[LISTED RECORDS]
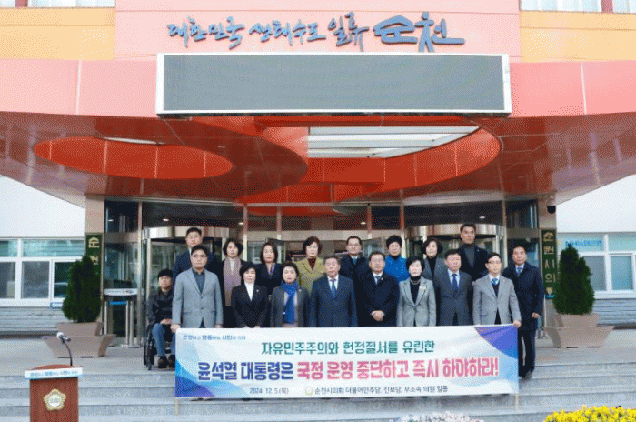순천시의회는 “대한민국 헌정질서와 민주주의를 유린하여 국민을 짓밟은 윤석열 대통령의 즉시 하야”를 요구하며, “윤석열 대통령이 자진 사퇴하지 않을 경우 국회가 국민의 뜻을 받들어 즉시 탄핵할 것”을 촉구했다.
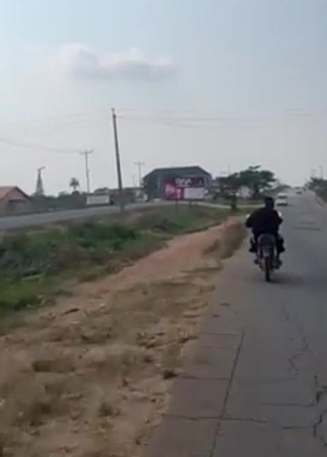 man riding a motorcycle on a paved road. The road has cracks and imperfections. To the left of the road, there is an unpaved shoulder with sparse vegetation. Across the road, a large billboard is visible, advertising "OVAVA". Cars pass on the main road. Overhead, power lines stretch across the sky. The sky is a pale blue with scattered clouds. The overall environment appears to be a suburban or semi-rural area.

==

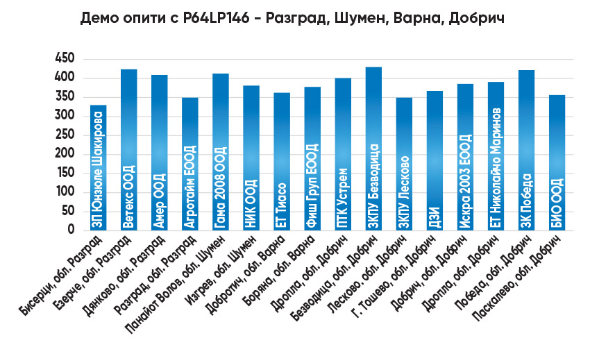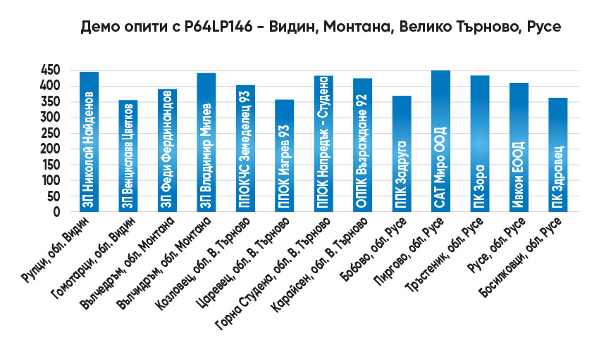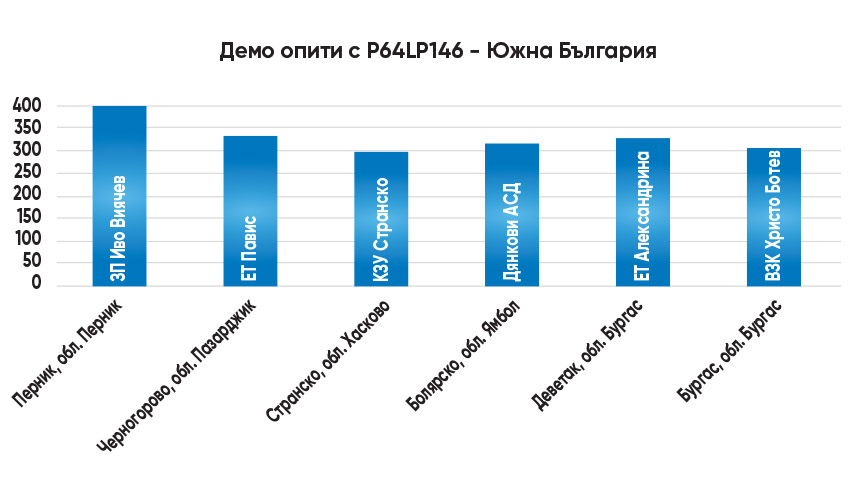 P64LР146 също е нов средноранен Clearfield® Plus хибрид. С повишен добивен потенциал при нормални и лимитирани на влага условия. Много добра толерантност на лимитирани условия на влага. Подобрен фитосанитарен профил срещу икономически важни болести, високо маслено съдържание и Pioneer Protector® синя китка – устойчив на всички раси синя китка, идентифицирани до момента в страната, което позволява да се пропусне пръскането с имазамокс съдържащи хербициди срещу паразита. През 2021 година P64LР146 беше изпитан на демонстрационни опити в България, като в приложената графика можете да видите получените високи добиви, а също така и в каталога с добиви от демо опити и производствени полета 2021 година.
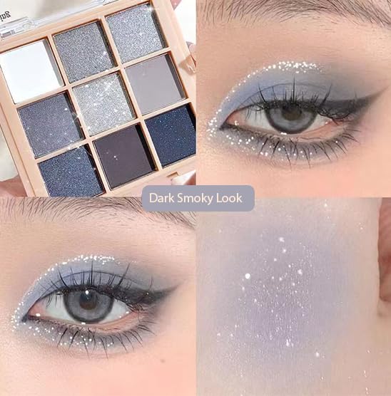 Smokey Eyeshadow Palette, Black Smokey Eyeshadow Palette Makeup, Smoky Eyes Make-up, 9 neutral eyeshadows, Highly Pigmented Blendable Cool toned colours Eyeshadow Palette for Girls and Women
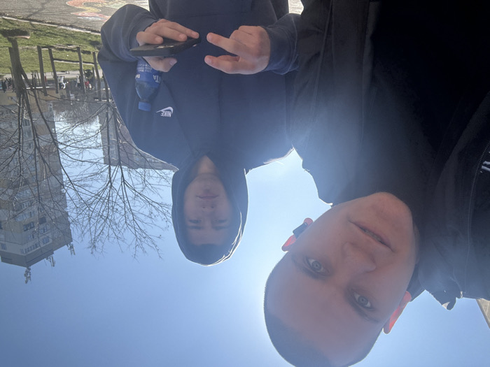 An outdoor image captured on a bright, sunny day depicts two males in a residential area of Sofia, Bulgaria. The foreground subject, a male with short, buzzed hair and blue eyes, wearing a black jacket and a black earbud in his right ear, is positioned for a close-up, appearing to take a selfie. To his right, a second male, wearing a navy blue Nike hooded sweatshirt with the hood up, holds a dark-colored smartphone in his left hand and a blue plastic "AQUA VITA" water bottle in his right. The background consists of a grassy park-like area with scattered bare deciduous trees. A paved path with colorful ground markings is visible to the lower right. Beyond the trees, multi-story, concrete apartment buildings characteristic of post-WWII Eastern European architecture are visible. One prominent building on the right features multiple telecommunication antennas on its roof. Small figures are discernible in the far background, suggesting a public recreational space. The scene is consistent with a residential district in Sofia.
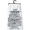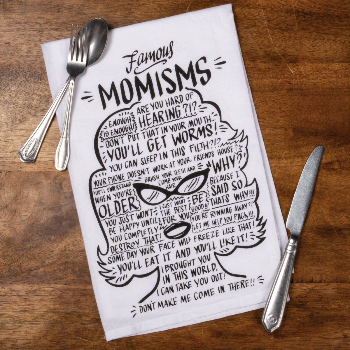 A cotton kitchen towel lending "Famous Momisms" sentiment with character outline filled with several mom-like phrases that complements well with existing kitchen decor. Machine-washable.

[DIRECTIONS] Repeat, word for word, the lines of the material above from the one holding "P64LР146 също е" through the one holding "Smokey Eyeshadow Palette, Black". Leave out pictures.

[ANSWER BELOW]
 P64LР146 също е нов средноранен Clearfield® Plus хибрид. С повишен добивен потенциал при нормални и лимитирани на влага условия. Много добра толерантност на лимитирани условия на влага. Подобрен фитосанитарен профил срещу икономически важни болести, високо маслено съдържание и Pioneer Protector® синя китка – устойчив на всички раси синя китка, идентифицирани до момента в страната, което позволява да се пропусне пръскането с имазамокс съдържащи хербициди срещу паразита. През 2021 година P64LР146 беше изпитан на демонстрационни опити в България, като в приложената графика можете да видите получените високи добиви, а също така и в каталога с добиви от демо опити и производствени полета 2021 година.
 Smokey Eyeshadow Palette, Black Smokey Eyeshadow Palette Makeup, Smoky Eyes Make-up, 9 neutral eyeshadows, Highly Pigmented Blendable Cool toned colours Eyeshadow Palette for Girls and Women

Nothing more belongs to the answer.